◆ Work instructions ◆
Wherever a picture appears, skip it and retype the rest of the data exactly.

◆ Information supplied ◆
┌────────

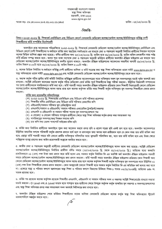 বেসরকারি মেডিকেল কলেজ/ডেন্টাল কলেজ/ইউনিটসমূহে শিক্ষার্থী ভর্তি সংক্রান্ত বিজ্ঞপ্তি News Notice 26 March 202629 March 2026Sanower Hossain বেসরকারি মেডিকেল কলেজ/ডেন্টাল কলেজ/ইউনিটসমূহে শিক্ষার্থী ভর্তি সংক্রান্ত বিজ্ঞপ্তি PDF
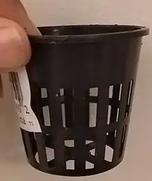 The Kratky method is a passive hydroponic technique for growing plants suspended above a reservoir of nutrient-rich water.[1] Because it is a non-circulating technique, no additional inputs of water or nutrients are needed after the original application, and no electricity, pumps, or water and oxygen circulation systems are required.[2] The Kratky method has applications both for commercial food production and as a small-scale and low-maintenance technique for home growers.[3] It has been described as "the simplest hydroponic system."[4]
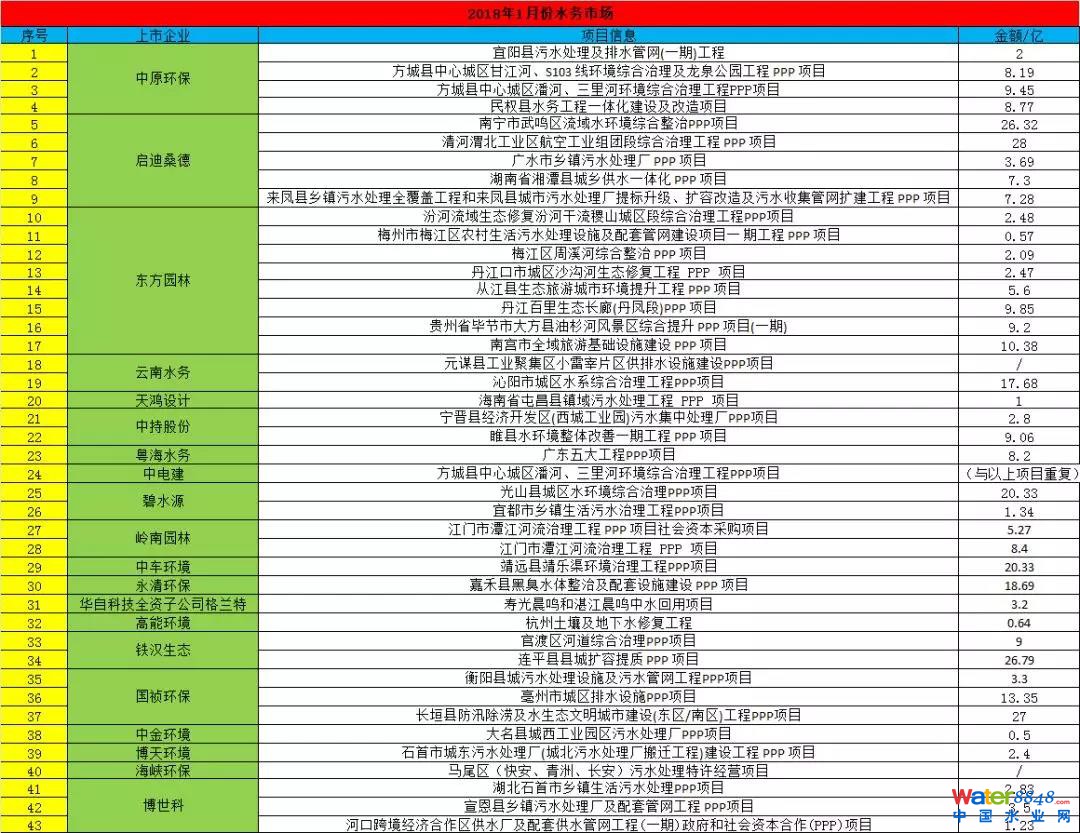 2018開年之際,1月份水務(wù)市場(chǎng)迎來了開門紅。據(jù)中國(guó)水網(wǎng)不完全統(tǒng)計(jì),本月21家環(huán)保上市企業(yè)共入手42大水務(wù)項(xiàng)目,累計(jì)金額達(dá)350.48億,勢(shì)如猛虎。
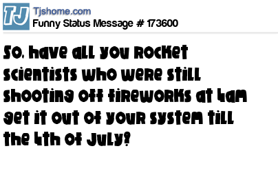 X So, have all you rocket scientists who were still shooting off fireworks at 4am get it out of your system till the 4th of July?

└────────

◆ Result ◆
 বেসরকারি মেডিকেল কলেজ/ডেন্টাল কলেজ/ইউনিটসমূহে শিক্ষার্থী ভর্তি সংক্রান্ত বিজ্ঞপ্তি News Notice 26 March 202629 March 2026Sanower Hossain বেসরকারি মেডিকেল কলেজ/ডেন্টাল কলেজ/ইউনিটসমূহে শিক্ষার্থী ভর্তি সংক্রান্ত বিজ্ঞপ্তি PDF
 The Kratky method is a passive hydroponic technique for growing plants suspended above a reservoir of nutrient-rich water.[1] Because it is a non-circulating technique, no additional inputs of water or nutrients are needed after the original application, and no electricity, pumps, or water and oxygen circulation systems are required.[2] The Kratky method has applications both for commercial food production and as a small-scale and low-maintenance technique for home growers.[3] It has been described as "the simplest hydroponic system."[4]
 2018開年之際,1月份水務(wù)市場(chǎng)迎來了開門紅。據(jù)中國(guó)水網(wǎng)不完全統(tǒng)計(jì),本月21家環(huán)保上市企業(yè)共入手42大水務(wù)項(xiàng)目,累計(jì)金額達(dá)350.48億,勢(shì)如猛虎。
 X So, have all you rocket scientists who were still shooting off fireworks at 4am get it out of your system till the 4th of July?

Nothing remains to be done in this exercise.